- _WHAT THIS TASK INVOLVES_
The answer is to be the data that follows, transcribed exactly, minus its pictures.

- _SOURCE DATA_
■ ■ ■

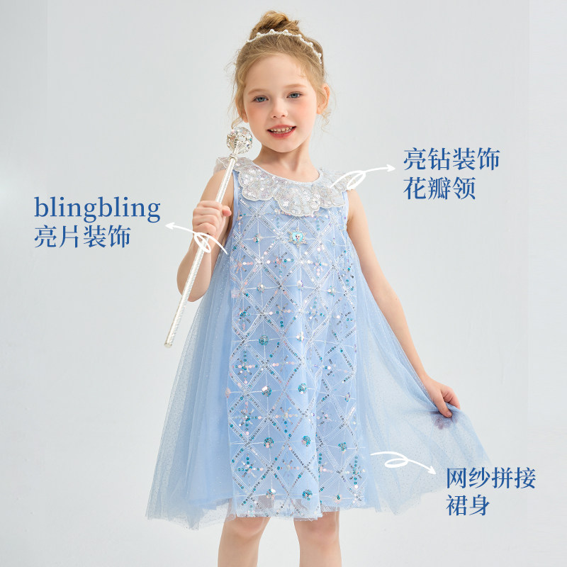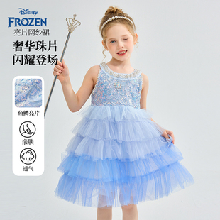 迪士尼童装 洋气艾莎女孩裙子儿童生日连衣裙 女童美人鱼公主裙夏季
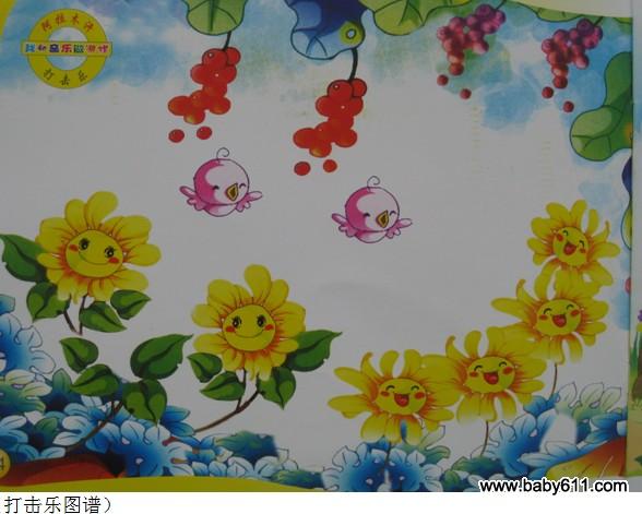 5、幼儿一边欣赏音乐,一边欣赏图,教师按音乐节奏指点图谱。
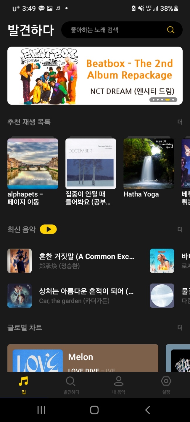 다운로드하으셨으면 끝났습니다. 웬만한 돈 내고 듣는 어플과 똑같이 생겼습니다. 바로 검색창에 원하시는 노래 검색하셔서 듣기만 하시면 됩니다.
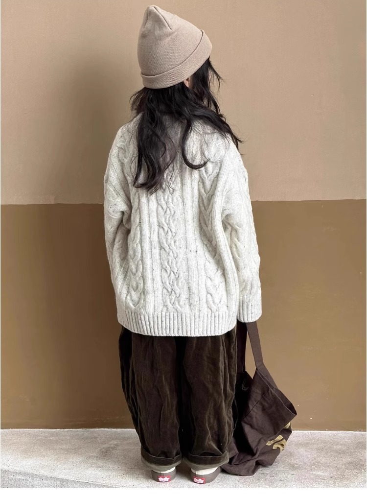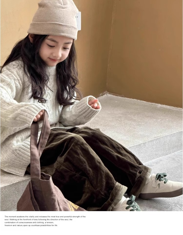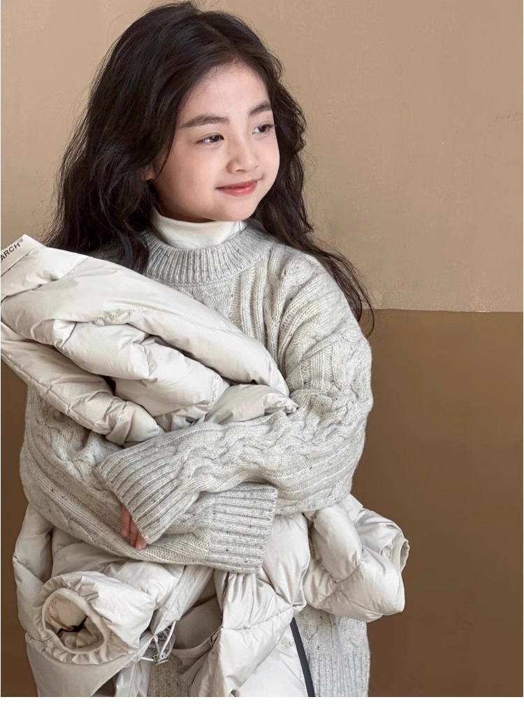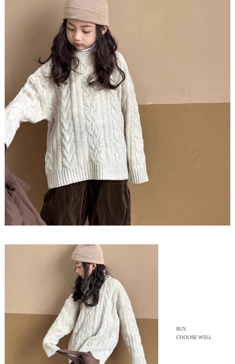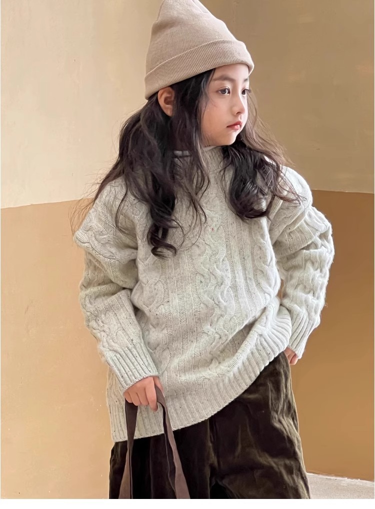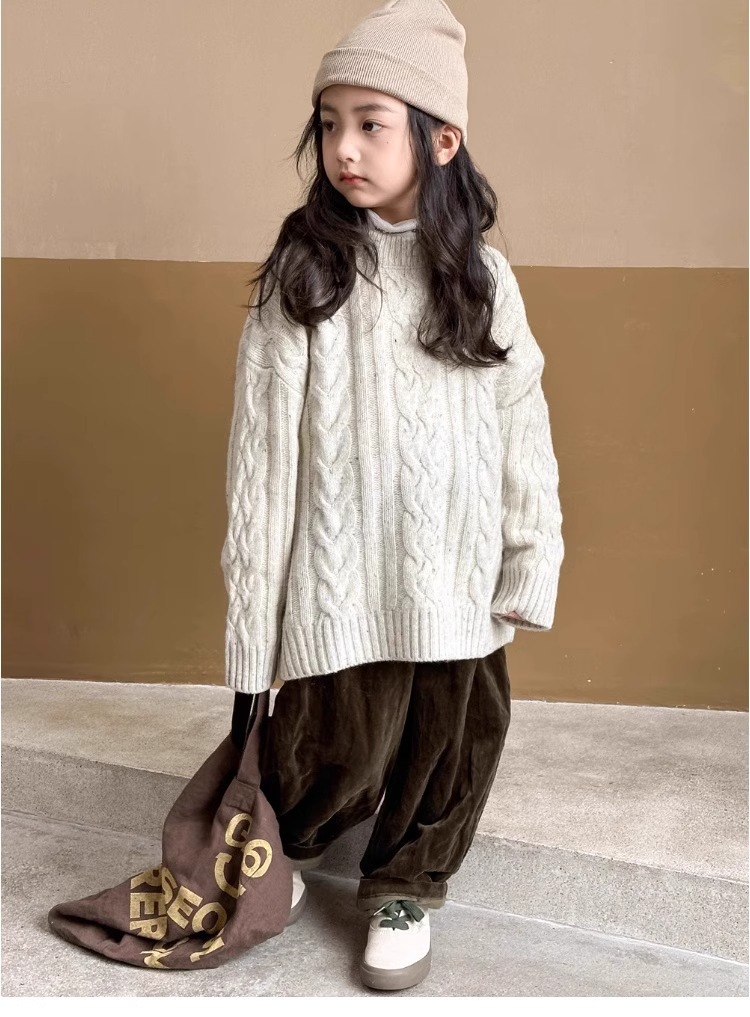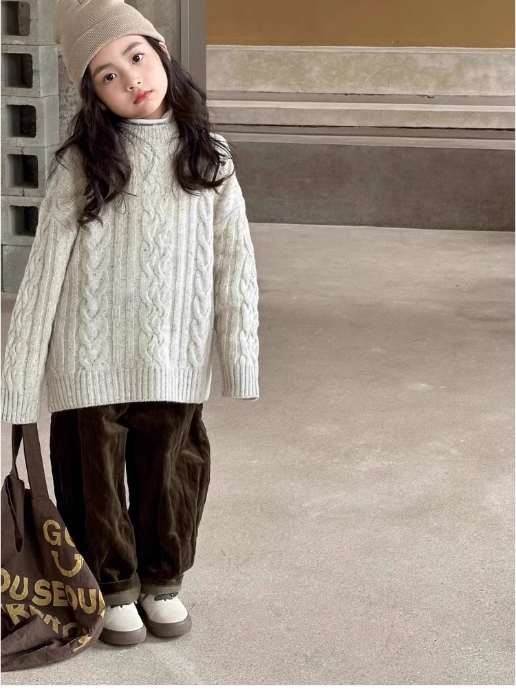 트위스트 스웨터 소녀 가을/겨울 2024 새로운 스타일 중 큰 어린이 겨울 풀오버 탑 기모 느슨한 웨스턴 스타일 니트 셔츠스토어 가기

■ ■ ■

- _SOLUTION_
 迪士尼童装 洋气艾莎女孩裙子儿童生日连衣裙 女童美人鱼公主裙夏季
 5、幼儿一边欣赏音乐,一边欣赏图,教师按音乐节奏指点图谱。
 다운로드하으셨으면 끝났습니다. 웬만한 돈 내고 듣는 어플과 똑같이 생겼습니다. 바로 검색창에 원하시는 노래 검색하셔서 듣기만 하시면 됩니다.
 트위스트 스웨터 소녀 가을/겨울 2024 새로운 스타일 중 큰 어린이 겨울 풀오버 탑 기모 느슨한 웨스턴 스타일 니트 셔츠스토어 가기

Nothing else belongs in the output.